_Task objective:_ For the entries below, the result should be an exact transcription of the lines from the one with "El tracking de" up to and including the one with "Жилет защитный 6в1/", and only those.

_Available records:_
^^^^^^^^^^^^^^^^

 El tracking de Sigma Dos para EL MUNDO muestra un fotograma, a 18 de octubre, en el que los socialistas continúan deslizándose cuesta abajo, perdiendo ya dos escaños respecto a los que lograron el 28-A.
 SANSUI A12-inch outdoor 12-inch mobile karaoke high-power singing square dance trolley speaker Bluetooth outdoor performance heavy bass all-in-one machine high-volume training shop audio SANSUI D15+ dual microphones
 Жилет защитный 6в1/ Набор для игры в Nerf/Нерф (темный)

^^^^^^^^^^^^^^^^

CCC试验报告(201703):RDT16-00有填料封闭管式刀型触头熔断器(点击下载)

^^^^^^^^^^^^^^^^

_Response below:_
 El tracking de Sigma Dos para EL MUNDO muestra un fotograma, a 18 de octubre, en el que los socialistas continúan deslizándose cuesta abajo, perdiendo ya dos escaños respecto a los que lograron el 28-A.
 SANSUI A12-inch outdoor 12-inch mobile karaoke high-power singing square dance trolley speaker Bluetooth outdoor performance heavy bass all-in-one machine high-volume training shop audio SANSUI D15+ dual microphones
 Жилет защитный 6в1/ Набор для игры в Nerf/Нерф (темный)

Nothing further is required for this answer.